Politicians, jet-setting celebrities, and Bono would have you believe that it’s OK to hop on a plane and fly halfway around the world on a regular basis if each time you do so you employ some dodgy foreign company to plant a few quid’s worth of trees for you in Africa somewhere.
The equation goes something like:
| Plane burns fossil fuel: | + carbon dioxide |
| New trees make oxygen: | - carbon dioxide |
| = carbon neutral |
It is, of course, a complete and total scam. It’s based on a statistical fudge which works by only looking at a very narrow time frame, whilst ignoring other factors.
When a tree dies, it’ll likely either be burnt, or rot, each of which reverses the process and combines the stored carbon with oxygen to produce the unfriendly greenhouse gasses that we fear so much.

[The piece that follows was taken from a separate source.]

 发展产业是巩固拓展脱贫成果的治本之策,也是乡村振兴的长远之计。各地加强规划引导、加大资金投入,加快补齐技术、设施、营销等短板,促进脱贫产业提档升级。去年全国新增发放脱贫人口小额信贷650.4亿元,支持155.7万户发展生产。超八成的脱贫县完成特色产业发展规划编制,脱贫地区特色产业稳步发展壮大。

Fossilised trees retain their carbon in the form of oil, coal or gas, until such time as these are burnt.
In each case, the net effect can indeed be considered “carbon neutral”.

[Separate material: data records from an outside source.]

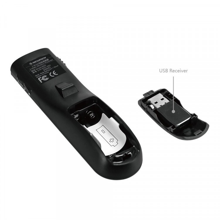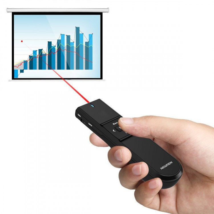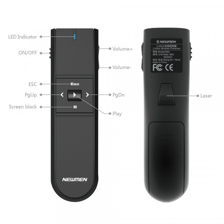 Bút trình chiếu Laser Newmen P002Bút trình chiếu, thuyết trình dùng với máy chiếu hoặc màn ảnh rộng. Kiểu dáng nhỏ gọn dễ mang theo bên mình , các góc sản phẩm được bo tròn mềm mại , chất liệu nhựa cao cấp chống xước, chống trơn trượt đảm bảo sự chắc chắn khi thao tác, điều khiển, công nghệ wireless 2.4GHz, phím bấm âm thanh lên xuống, qua lại giữa các trang được bố trí thông minh, dễ sử dụng.
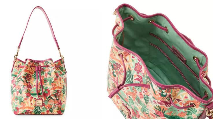 We’ve been seeing a lot of this drawstring bag in recent collections. I’m too paranoid for this bag because I like the security of a zipper. I do love the shape of the bag though! The pictures from shopDisney for this silhouette do show the lining, however! A stunning green lining that is the perfect complement to the foliage within the pattern!
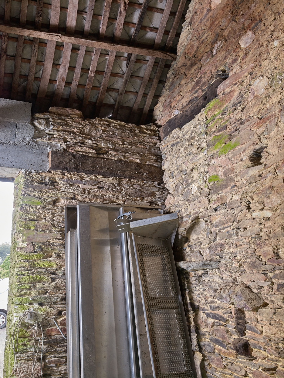 Logis 1706. Pignon nord du logis et dépendance transformée en remise. Porte de communication bouchée entre la chambre de l'étage et la dépendanceImmatriculation

The problem with burning fossil fuels is that the equation acts over millions of years.
The carbon dioxide released from them has been stored over a huge period of time, but has all been re-released into the atmosphere in the past 200 years or so. That’s the problem.
Planting some trees won’t suck it all back away again.
So anyway, having debunked the idea of carbon offsetting, let’s go back to the political equation:
flying + carbon offsetting = OK
Where we’ve already seen that carbon offsetting has no useful effect, so the equation can be re-written in the following form, which is what they’re actually telling you:
Carbon offsetting = pointless,
Flying = OK
So what was all the fuss about in the first place?